> **WORK ORDER**
Using the listing below, please print exactly the lines from the one with "在新聞稿發布兩天后,推特用戶 Conor (@jconorgrogan)" through the one with "En cuanto a". Leave out every picture.

> **PROVIDED RECORDS**
- Opening Delimiter -

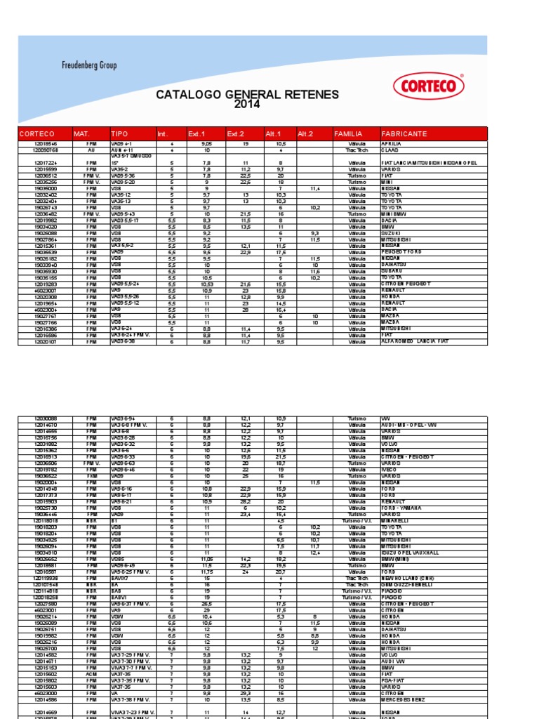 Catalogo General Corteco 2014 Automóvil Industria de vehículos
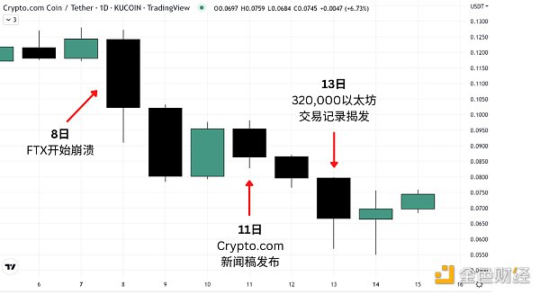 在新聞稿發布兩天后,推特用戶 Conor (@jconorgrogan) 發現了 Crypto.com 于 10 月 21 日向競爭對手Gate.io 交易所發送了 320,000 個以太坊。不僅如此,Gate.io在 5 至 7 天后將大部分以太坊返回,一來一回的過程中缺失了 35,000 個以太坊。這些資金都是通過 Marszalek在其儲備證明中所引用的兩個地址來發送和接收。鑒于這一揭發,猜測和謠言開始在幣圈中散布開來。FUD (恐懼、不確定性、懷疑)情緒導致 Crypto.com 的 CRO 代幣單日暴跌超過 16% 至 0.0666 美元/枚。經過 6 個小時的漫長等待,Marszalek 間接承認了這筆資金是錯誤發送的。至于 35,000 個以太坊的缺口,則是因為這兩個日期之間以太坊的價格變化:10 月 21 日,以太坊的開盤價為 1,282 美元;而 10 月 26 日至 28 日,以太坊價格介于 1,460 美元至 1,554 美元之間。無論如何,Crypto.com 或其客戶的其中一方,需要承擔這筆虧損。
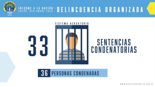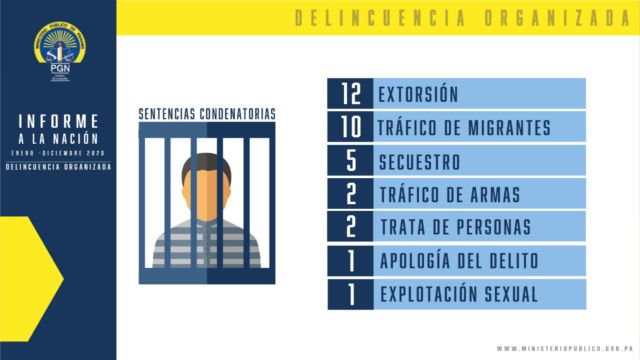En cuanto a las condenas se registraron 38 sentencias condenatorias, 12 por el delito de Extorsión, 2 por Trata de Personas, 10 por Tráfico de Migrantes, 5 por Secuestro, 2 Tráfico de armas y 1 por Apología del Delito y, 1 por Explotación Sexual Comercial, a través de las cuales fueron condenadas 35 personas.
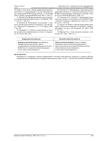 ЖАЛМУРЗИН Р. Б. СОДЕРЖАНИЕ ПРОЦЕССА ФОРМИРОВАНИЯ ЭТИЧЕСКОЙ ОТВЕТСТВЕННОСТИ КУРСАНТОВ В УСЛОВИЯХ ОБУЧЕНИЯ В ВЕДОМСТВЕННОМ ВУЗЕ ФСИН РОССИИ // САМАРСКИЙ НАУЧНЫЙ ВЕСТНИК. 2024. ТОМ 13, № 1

- Closing Delimiter -
- Opening Delimiter -

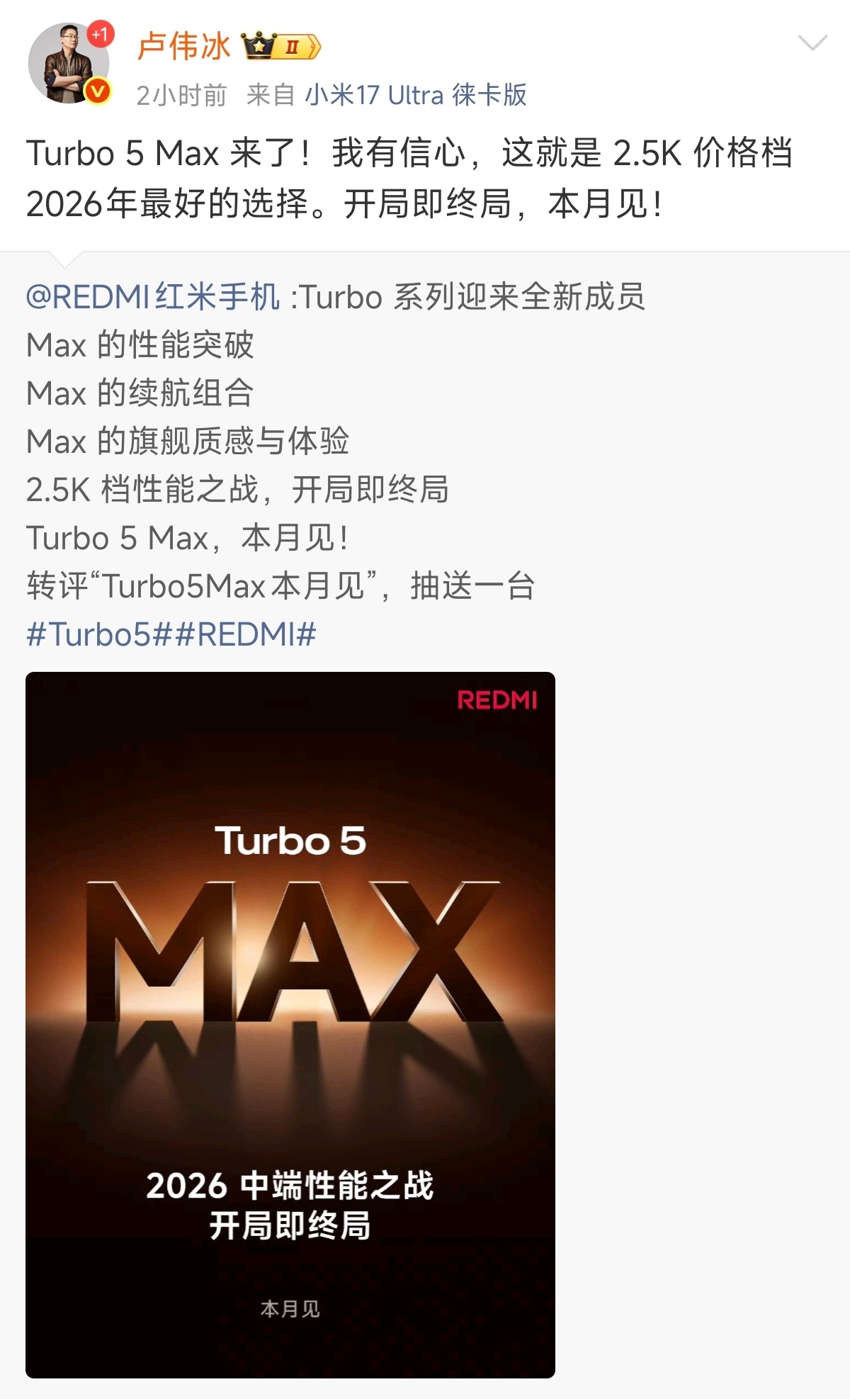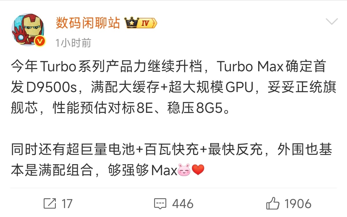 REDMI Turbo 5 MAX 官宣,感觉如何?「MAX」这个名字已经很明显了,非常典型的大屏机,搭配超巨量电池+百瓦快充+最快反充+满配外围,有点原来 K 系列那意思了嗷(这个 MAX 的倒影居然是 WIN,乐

- Closing Delimiter -
- Opening Delimiter -

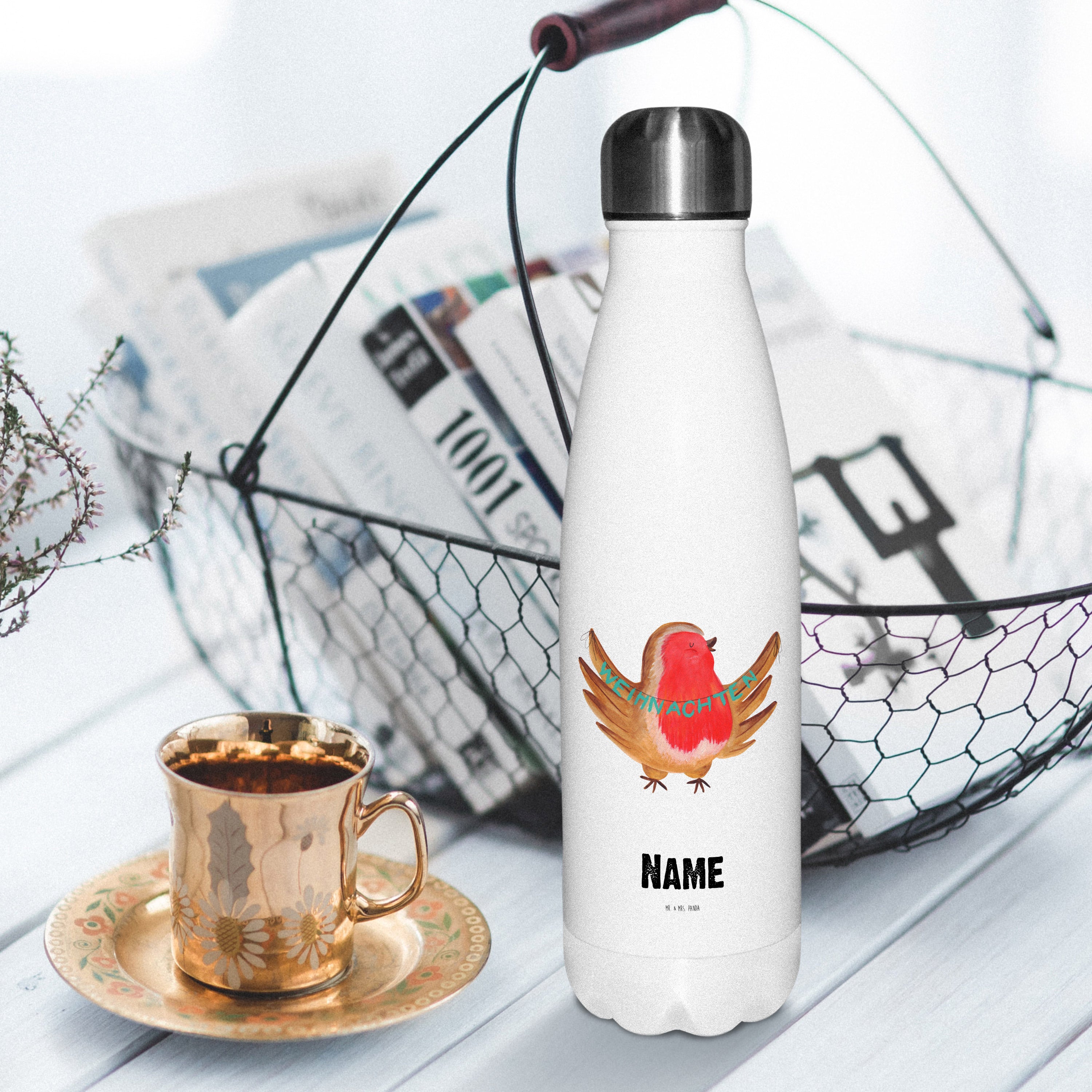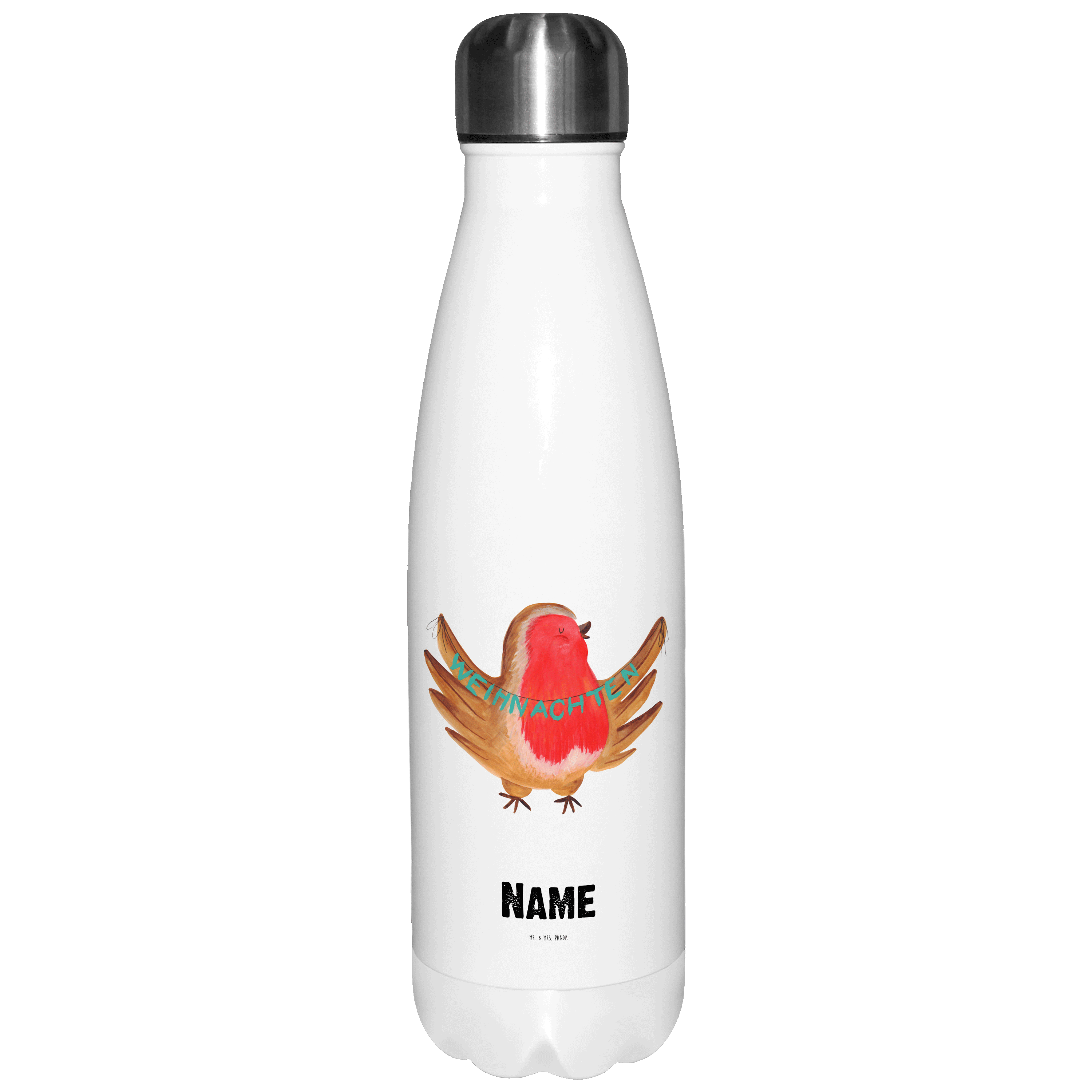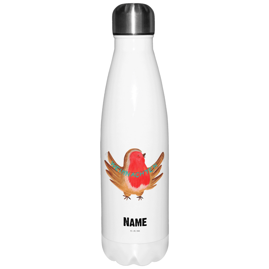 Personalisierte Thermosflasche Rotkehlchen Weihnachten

- Closing Delimiter -

> **SOLUTION**
 在新聞稿發布兩天后,推特用戶 Conor (@jconorgrogan) 發現了 Crypto.com 于 10 月 21 日向競爭對手Gate.io 交易所發送了 320,000 個以太坊。不僅如此,Gate.io在 5 至 7 天后將大部分以太坊返回,一來一回的過程中缺失了 35,000 個以太坊。這些資金都是通過 Marszalek在其儲備證明中所引用的兩個地址來發送和接收。鑒于這一揭發,猜測和謠言開始在幣圈中散布開來。FUD (恐懼、不確定性、懷疑)情緒導致 Crypto.com 的 CRO 代幣單日暴跌超過 16% 至 0.0666 美元/枚。經過 6 個小時的漫長等待,Marszalek 間接承認了這筆資金是錯誤發送的。至于 35,000 個以太坊的缺口,則是因為這兩個日期之間以太坊的價格變化:10 月 21 日,以太坊的開盤價為 1,282 美元;而 10 月 26 日至 28 日,以太坊價格介于 1,460 美元至 1,554 美元之間。無論如何,Crypto.com 或其客戶的其中一方,需要承擔這筆虧損。
En cuanto a las condenas se registraron 38 sentencias condenatorias, 12 por el delito de Extorsión, 2 por Trata de Personas, 10 por Tráfico de Migrantes, 5 por Secuestro, 2 Tráfico de armas y 1 por Apología del Delito y, 1 por Explotación Sexual Comercial, a través de las cuales fueron condenadas 35 personas.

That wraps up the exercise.